I am trying to think back to how I trained my TALL mpoo not to snatch things off the kitchen counters, bathroom vanities, night stands and coffee tables. I remember spending days on end putting temptation in his path, then hiding off scene and when he leapt up calling out "off!" ( a command he already knew) and tossing him treats (chicken, cheese or liver) as soon as he complied. (He's a natural jumper so early on I taught him "on" and "off" to get that *somewhat* under control. Perfection ain't my thing, nor his!) I don't know that any trainer would sanction my method, but it worked with Chagall. We are a two adult household, tidy by nature, but when the grandkids are here (a.k.a., "the invaders"), every surface is a veritable smorgasbord. Still, Chagall is mostly and largely reliable. He can even restrain himself from going after a peanut butter and jelly sandwich carelessly left on snack tray in front of the TV by one very adorable 9 year old girl. Of course the fool proof method is to always clear the decks!


----------



## ItzaClip (Dec 1, 2010)

Expen works great to prevent access. Dogs are natural scroungers, once they learn the habit they don't forget, they just learn when it's safe to do so (when your not looking). Prevent them from figuring out they can get yummy stuff up top. Do lots of play games, have stuffed bone/toy for them to focus on.

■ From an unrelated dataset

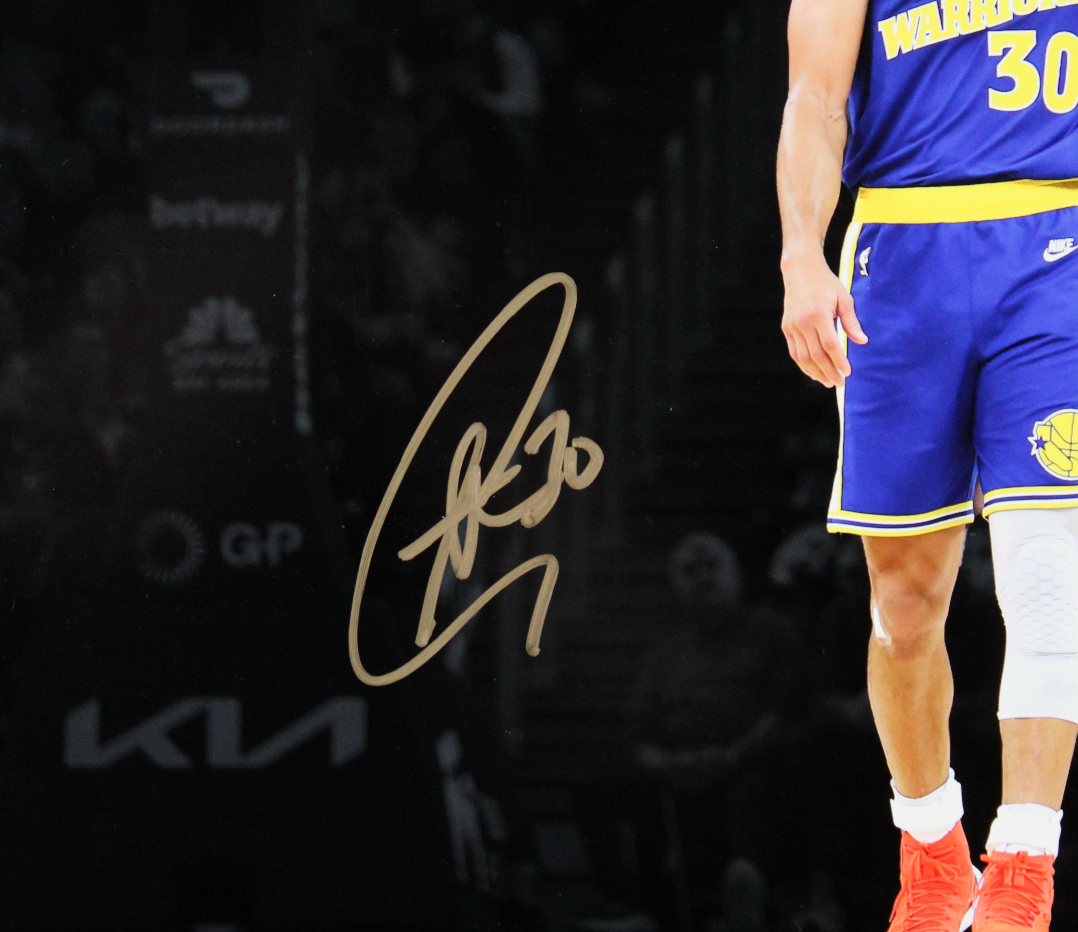 Photo measures approximately 16" x 20" in size and has been hand-signed by Stephen Curry (Golden State Warriors).

Sent from Petguide.com Free App


----------



## Indiana (Sep 11, 2011)

Maddy jumps onto the table casually from a standing position; she hasn't yet learned that she can jump on the counters and I hope she never does. Yes counter surfing is most definitely a self-rewarding endeavour but the thing I've always found difficult is when you have a lot of kids (and their friends who are always coming and going), it's extremely difficult to keep everything put away. Because it's not just food that is so attractive to Maddy; a pencil, a peanut butter knife in the sink, or any kid's backpack, a library book, or their homework is fascinating to her. She's naturally curious and just LOVES to solve a puzzle, like how to unzip backpacks and chew up their contents, or how to make the lazy susan in the corner cupboard spin around until she can find something fun (one time she ate the handle off a frying pan). Some dogs, like Indy, just aren't that motivated. Indy doesn't counter surf, unless of course there is something delicious on there which no dog could resist.


----------